A Southern Eclectic Novel
November 21, 2017
Beloved author Molly Harper launches a brand-new contemporary romance series, Southern Eclectic, with this story of a big-city party planner who finds true love in a small Georgia town.
Nestled on the shore of Lake Sackett, Georgia is the McCready Family Funeral Home and Bait Shop. (What, you have a problem with one-stop shopping?) Two McCready brothers started two separate businesses in the same building back in 1928, and now it’s become one big family affair. And true to form in small Southern towns, family business becomes everybody’s business.
Margot Cary has spent her life immersed in everything Lake Sackett is not. As an elite event planner, Margot’s rubbed elbows with the cream of Chicago society, and made elegance and glamour her business. She’s riding high until one event goes tragically, spectacularly wrong. Now she’s blackballed by the gala set and in dire need of a fresh start—and apparently the McCreadys are in need of an event planner with a tarnished reputation.
As Margot finds her footing in a town where everybody knows not only your name, but what you had for dinner last Saturday night and what you’ll wear to church on Sunday morning, she grudgingly has to admit that there are some things Lake Sackett does better than Chicago—including the dating prospects. Elementary school principal Kyle Archer is a fellow fish-out-of-water who volunteers to show Margot the picture-postcard side of Southern living. The two of them hit it off, but not everybody is happy to see an outsider snapping up one of the town’s most eligible gentleman. Will Margot reel in her handsome fish, or will she have to release her latest catch?
SASCHA DARLINGTON’S REVIEW
Back in October I reviewed Save a Truck, Ride a Redneck (great title, no?), you can see that review here, and immediately fell in love with the McCready family. They are a family of eccentrics–or is that normals?–each of whom touches you in a different way.
In Sweet Tea and Sympathy we’re introduced to Margot, the estranged daughter of former alcoholic Stan McCready, the family’s sad sack. The opening scene shows Margot, a Chicago party planner, trying to salvage a charity function after a faux Parisian chef decides to serve shrimp, although the hostess is deadly allergic to shellfish. There are flamingos diving for shrimp, parrots being upset, flames, and the end of Margot’s Chicago party planning career. And that’s just the beginning of this humorous women’s fiction novel by Molly Harper.
Aunt Tootie, a blue-eyed, silver-haired computer demon, invites Margot to come home, offering a job with all of the benefits just as Margot is about to be homeless. Given no other choice, Margot accepts. She is the proverbial fish-out-of-water, but because she’s stubborn, a trait given to her from her father, she survives and flourishes.
Once in Lake Sackett, Margot bumps into a towering, depressed-looking man, not once, but twice. The second time she ends up in his pick-up truck kissing the living daylights out of him, until a text reminds her that she had been in the bar with her cousins, and, well, oops, this isn’t good behavior.
That scene, with Margot and, who we eventually come to know is Kyle, a single dad whose wife died of cancer years earlier, is hot even though it never comes to fruition. Harper has a way of making a scene scorching even though it isn’t a full-fledged sex scene. That, my friends, is talent.
Margot learns a lot about herself, her dead mother, and her father as she navigates unfamiliar terrain. She becomes absorbed into the McCready family and realizes what she has been missing her entire life. Is this something she is willing to give up?
I loved this novel and had to stop myself several times, once at 2 am, and then again today so that I didn’t read it all in one go, because, for me, this is just the kind of novel that I want to devour and yet, also, never want to end.

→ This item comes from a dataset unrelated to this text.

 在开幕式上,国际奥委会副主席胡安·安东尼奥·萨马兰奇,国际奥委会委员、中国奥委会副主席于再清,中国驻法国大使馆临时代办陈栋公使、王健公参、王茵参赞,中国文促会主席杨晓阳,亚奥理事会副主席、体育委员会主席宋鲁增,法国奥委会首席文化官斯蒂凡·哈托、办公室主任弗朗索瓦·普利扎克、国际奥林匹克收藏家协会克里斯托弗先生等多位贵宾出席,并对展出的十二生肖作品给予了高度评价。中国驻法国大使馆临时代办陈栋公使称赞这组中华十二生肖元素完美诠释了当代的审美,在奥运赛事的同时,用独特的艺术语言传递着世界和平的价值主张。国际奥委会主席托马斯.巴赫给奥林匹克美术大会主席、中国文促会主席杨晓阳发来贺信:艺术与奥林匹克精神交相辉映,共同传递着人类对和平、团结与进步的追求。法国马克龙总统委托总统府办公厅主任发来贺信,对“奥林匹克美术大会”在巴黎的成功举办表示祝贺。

It’s snarky and sweet and filled with love for its characters and the town they live in. But, it doesn’t look through rose-colored glasses. People have fears and issues and feel ever-so-human and I think that’s what makes it work. You fall in love with these characters because they seem so real and accessible. They are funny and loyal and amazing.

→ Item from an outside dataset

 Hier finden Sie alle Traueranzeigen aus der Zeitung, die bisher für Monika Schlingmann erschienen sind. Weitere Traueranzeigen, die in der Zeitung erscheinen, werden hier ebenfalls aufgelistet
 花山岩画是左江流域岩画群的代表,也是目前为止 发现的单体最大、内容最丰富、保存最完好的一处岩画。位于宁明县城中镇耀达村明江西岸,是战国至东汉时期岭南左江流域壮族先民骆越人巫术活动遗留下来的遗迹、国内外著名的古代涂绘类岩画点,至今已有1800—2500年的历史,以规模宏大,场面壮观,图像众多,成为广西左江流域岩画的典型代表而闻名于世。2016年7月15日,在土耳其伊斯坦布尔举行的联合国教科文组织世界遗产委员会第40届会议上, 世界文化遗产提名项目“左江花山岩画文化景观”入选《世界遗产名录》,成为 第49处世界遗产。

If you are a fan of a feel good, funny, romantic novel, give this one a try. You don’t need to read Save a Truck, Ride a Redneck in order to enjoy Sweet Tea and Sympathy, but I suggest you give it a go anyway because it is also wonderful. This is more of a relationship novel than a romance, meaning that it encompasses all kinds of relationships, familial and romantic. I’m not sure I can recommend it enough.
I received an ARC, for which I’m very grateful, in exchange for an honest review.